Aim of the exercise: Lines from the one with "2、嫁给 🦁 医生的都 🐶 是什么人" through the end of the records, and no others, are what the answer should contain, copied exactly; please keep pictures out.

Provided records:
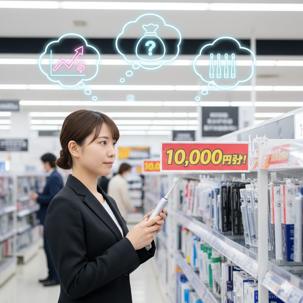 最近、家電量販店の電動歯ブラシコーナーに並ぶ数万円のモデルを眺めて、
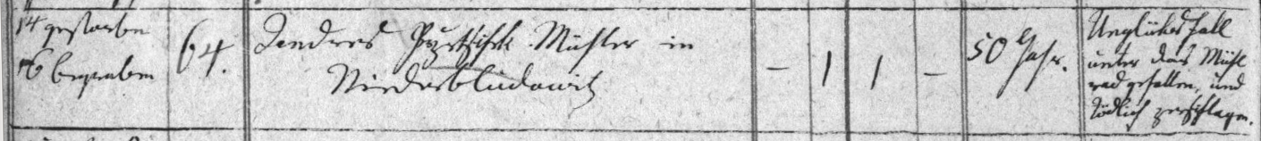 1798 tragická smrt mlynáře Andrease Przeczka, věk 50 let. Příčina smrti: Unglückfall - unter das Mühlrad gefallen und tödlich geschlagen (nešťastný pád - pod mlýnské kolo padlý a smrtelně raněn.)
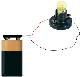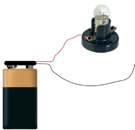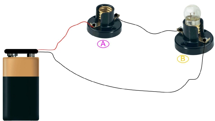 Deuxième situation : Le soquet de la lampe A est vide. Le courant ne peut donc pas circuler, le circuit est ouvert. La lampe B ne pourra pas s’allumer.
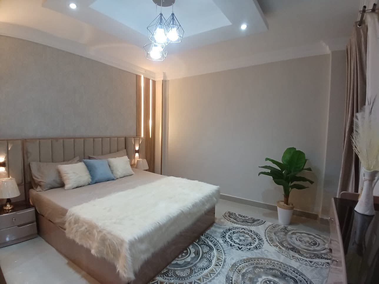 شقه للايجار مفروش بمدينتي b7 مساحه ٨٢ متر غرفتين وريسبشن فرش فندقي مكيفه بالكامل
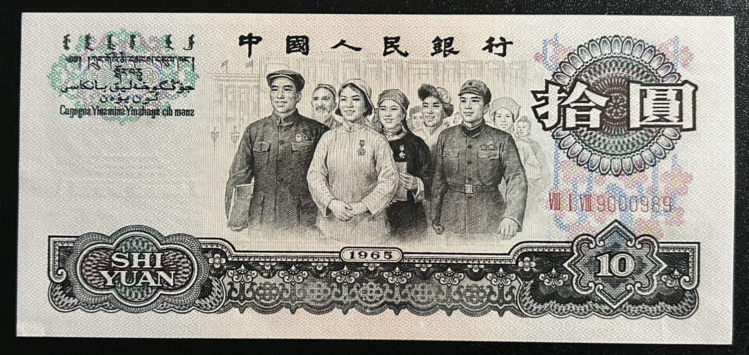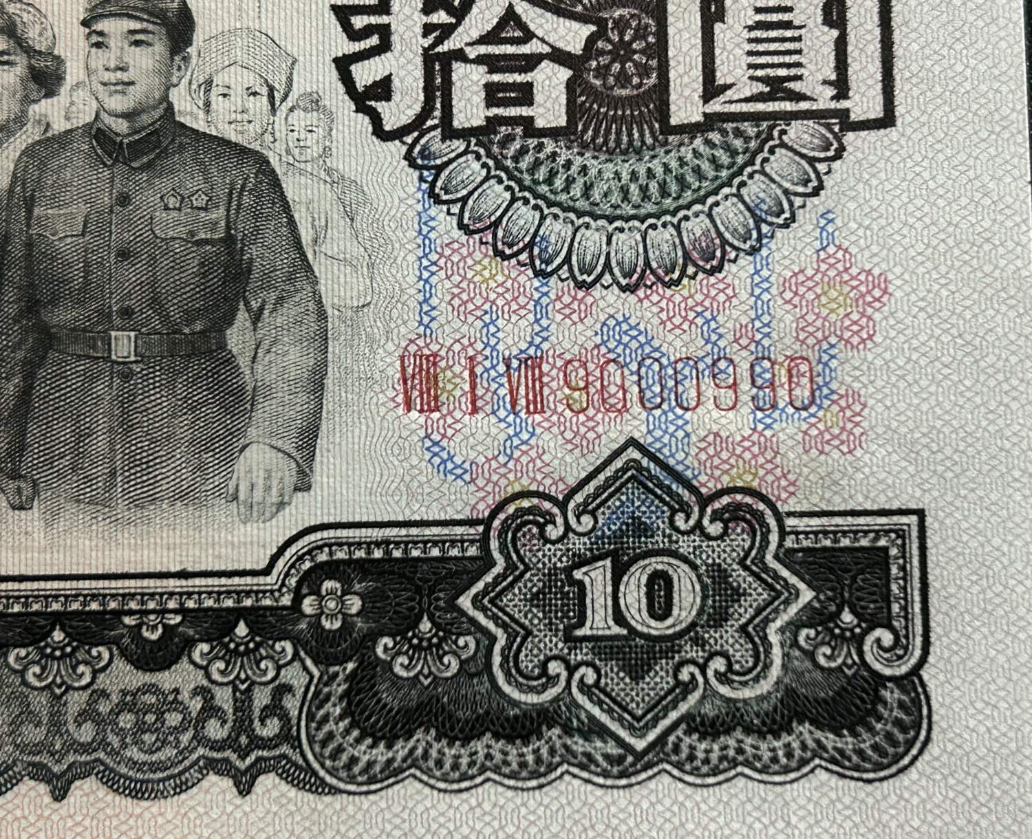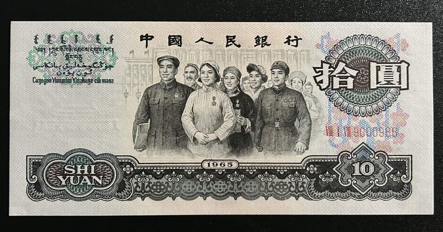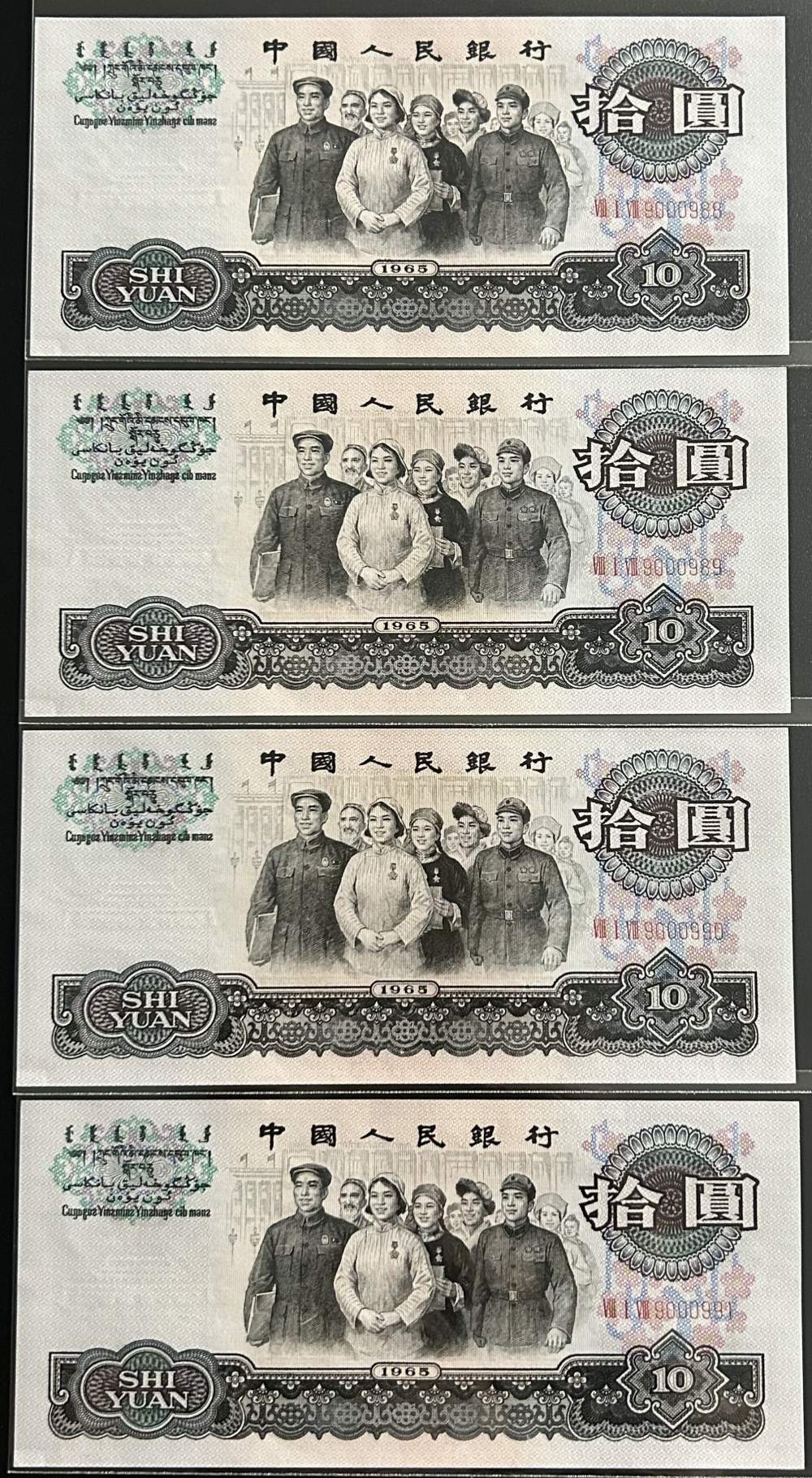 大团结四连号,号码:三罗818~9000988-9000989-9000990-9000991,全倒置号,连冠号都是倒置的,含人二9000990和9000988超级好号,刀拆原票,肉眼绝中绝,凹凸感强烈,票面有轻微指甲痕,可惜灯下有斑
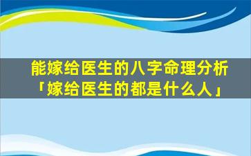 2、嫁给 🦁 医生的都 🐶 是什么人
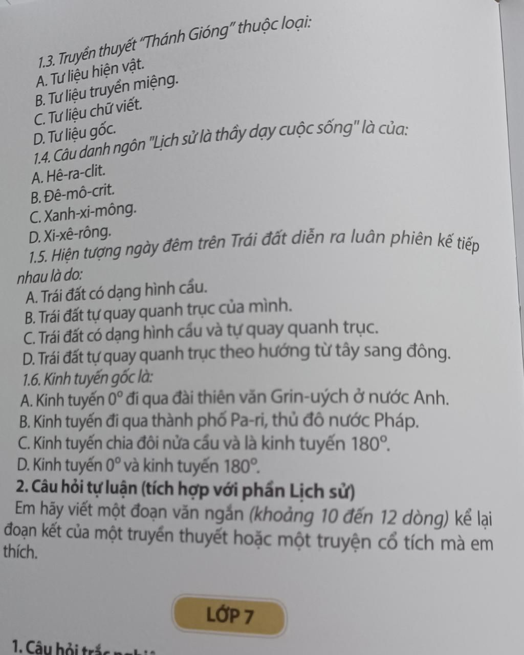 1.4: Câu danh ngôn "Lịch sử là thầy dạy cuộc sống" là của Xi-xê-rông
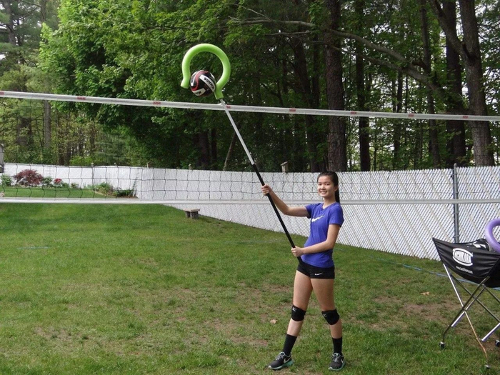 可以通过扣球的辅助器械,来让攻手体验最佳的击球点,长期练习,找到自己的球点,找到追球的感觉,就能打好三米线。
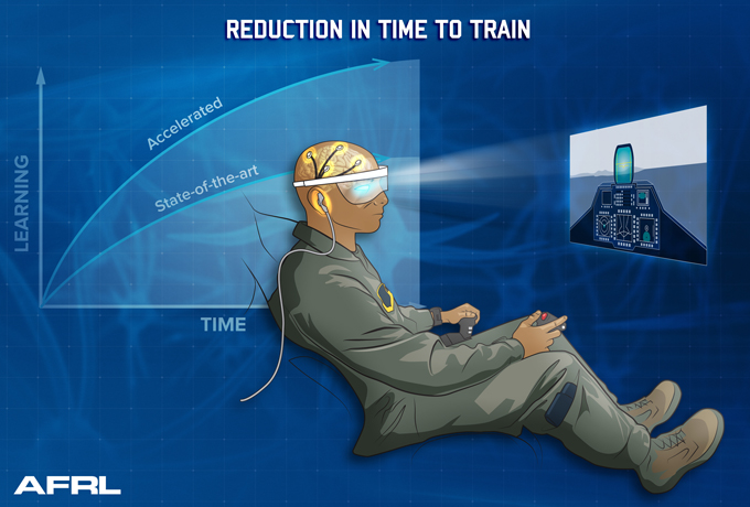 The Air Force Research Laboratory-led Individualized Neural Learning System project aims to give Airmen the ability to rapidly acquire knowledge and skills through neurotechnology. This project was recently awarded funding as part of the Seedlings for Disruptive Capabilities Program, which seeks to “seed” new ideas of particular interest to the Air Force. (U.S. Air Force illustration/Richard Eldridge)
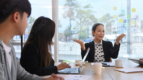 Concentrated middle aged female team leader explaining project details to young employees at meeting
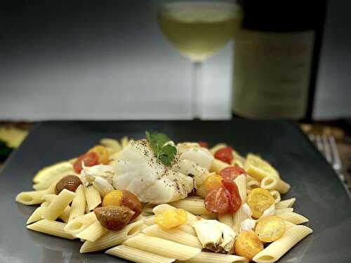 Flaky baked cod nestled in a warm stew of cherry tomatoes, cannellini beans, shallots, olives, and garlic.
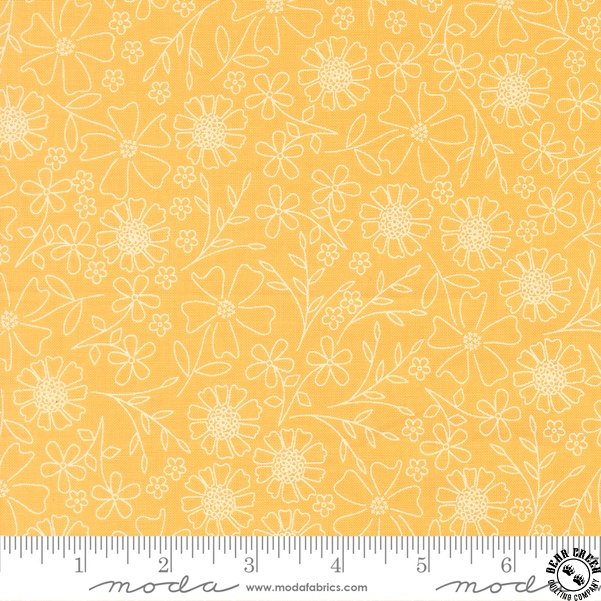In the Garden  fabric collection features a rainbow of the warm colors that I so enjoy sewing with… pinks, corals, yellows, greens, and aquas.  Ever since my first collection, I have also enjoyed how nicely a warm gray plays with all of those sherbet brights.  You will find my beautiful signature grays in this collection.  Over the years, I have often joked that I can’t grow a beautiful flower garden outside (this girl does not have a green thumb!) but I can create flower-filled fabrics!  In the Garden is bursting with flowers; wildflowers, daisies, blossoms, and buds are spread throughout.
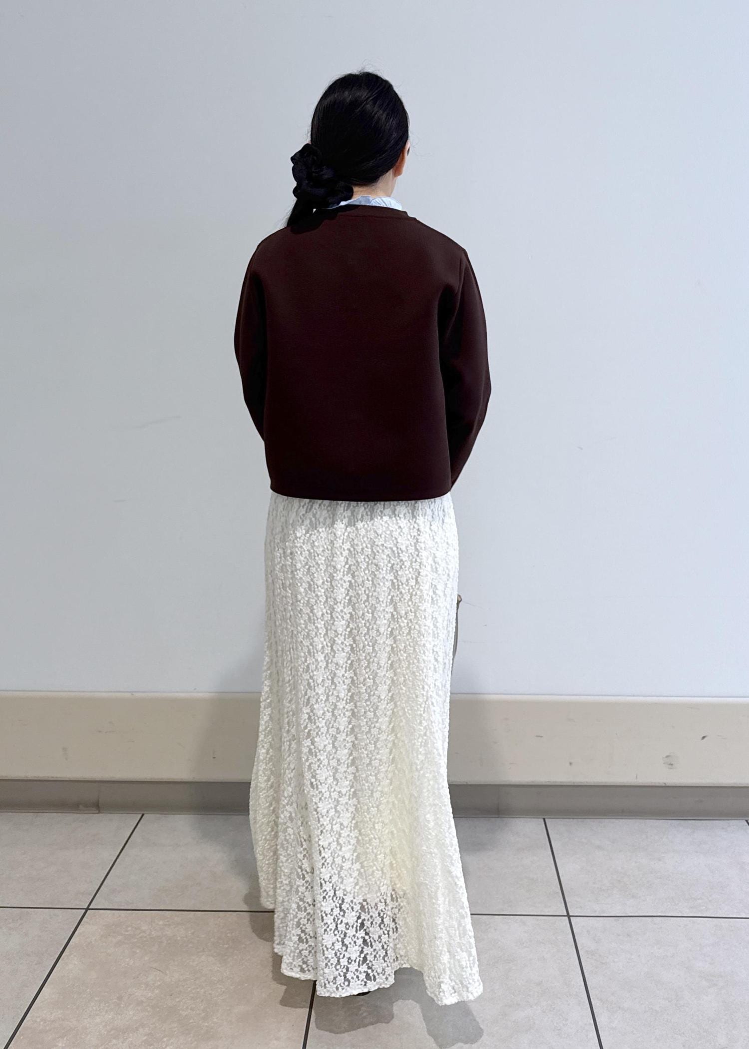 少し丈間が短めのトップスと、マーメイドスカートの合わせは、全体的なシルエットをきれいに見せてくれます!

Exercise solution:
 2、嫁给 🦁 医生的都 🐶 是什么人
 1.4: Câu danh ngôn "Lịch sử là thầy dạy cuộc sống" là của Xi-xê-rông
 可以通过扣球的辅助器械,来让攻手体验最佳的击球点,长期练习,找到自己的球点,找到追球的感觉,就能打好三米线。
 The Air Force Research Laboratory-led Individualized Neural Learning System project aims to give Airmen the ability to rapidly acquire knowledge and skills through neurotechnology. This project was recently awarded funding as part of the Seedlings for Disruptive Capabilities Program, which seeks to “seed” new ideas of particular interest to the Air Force. (U.S. Air Force illustration/Richard Eldridge)
 Concentrated middle aged female team leader explaining project details to young employees at meeting
 Flaky baked cod nestled in a warm stew of cherry tomatoes, cannellini beans, shallots, olives, and garlic.
In the Garden  fabric collection features a rainbow of the warm colors that I so enjoy sewing with… pinks, corals, yellows, greens, and aquas.  Ever since my first collection, I have also enjoyed how nicely a warm gray plays with all of those sherbet brights.  You will find my beautiful signature grays in this collection.  Over the years, I have often joked that I can’t grow a beautiful flower garden outside (this girl does not have a green thumb!) but I can create flower-filled fabrics!  In the Garden is bursting with flowers; wildflowers, daisies, blossoms, and buds are spread throughout.
 少し丈間が短めのトップスと、マーメイドスカートの合わせは、全体的なシルエットをきれいに見せてくれます!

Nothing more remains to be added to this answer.